# Paint prices going up 40% at Sherwin Williams the last 3 years.



## mark DRP (Apr 19, 2011)

I have been buying paint and equipment at Sherwin Williams for the last 15 years.There customer service is great, they have delivered paint, equipment to job sites for me over the years.The cost of there paint is killing me. I have talked to the managers, they all sing the same tune, prices on paint are up that much everywhere.I just don"t see that at all.I buy all my primer now at lows or Menards, Zinsser,or Kilz, because it cheaper than my 30% discount I get at Sherwin Williams.I have a account at Hirshfields, but its 10 miles from where I live and I don"t buy much there.Have prices increased that much there also?


----------



## We Fix Houses (Aug 15, 2007)

Welcome to that.......

Get a preferred customer acct too and look for coupons on the net before buying - 40% off this weekend. 40% off is good. I get about 25% off. Some I'm barely getting 10 off. I'm not a big user. You don't get 40 off for Duration ? 

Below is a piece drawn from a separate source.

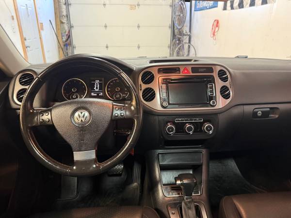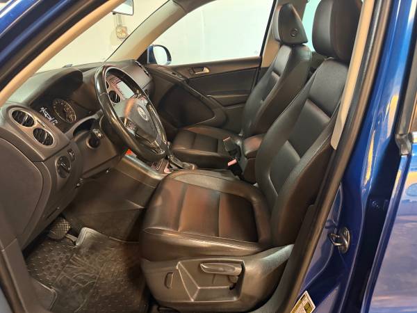 This is a Gorgeous VW Tiguan Wolfsburg Edition 4 Motion (AWD) SUV in Very Nice Condition. Its an Automatic. It's an Automatic. It has AC, Great Heat, Tilt Wheel, Cruise Control, Power Windows, Power Locks, Power Seat, Panoramic Sunroof, Premium Stereo (w/bluetooth) Roof Rack, Lower Driving Lights, Alloy Wheels with Like New 235/65/17 Goodyear Reliant Touring Tires and More. This VW has a Smooth and Fuel Efficient 2.0T Engine with Great Performance and MPG. The Color is a Beautiful Sapphire Blue Metallic with a Deluxe Black Leather (Never Smoked in) Interior in Excellent Condition.This SUV Runs and Drives Excellent. All Equipment working as it Should and in Great Condition. All Books and 2 Keys Included. Please Contact me Here. (515) 238-4407 Thank You

When I signed up with them there were good discounts plugged in. I think in the last 2 yrs they wiped a lot of acct clean like mine. SW has bought up a lot of the competition.

At the boxes paint has not gone up $3 gal - 3 x per year !


----------



## ohiohomedoctor (Dec 26, 2010)

:laughing:


----------



## DBBII (Aug 28, 2008)

Per cleveland.com web site (local paper)..... 

Record spring warmth and a sunnier housing market persuaded more of us to roll up our sleeves, pull out our paintbrushes and give our homes an early makeover.

That helped Cleveland paint manufacturer and retailer Sherwin-Williams Co. ring up a record first quarter for 2012: a 15.1 percent jump in net sales to $2.14 billion.

Net income rose 47 percent to $100.2 million, or 95 cents per diluted share, for the first three months of the year. 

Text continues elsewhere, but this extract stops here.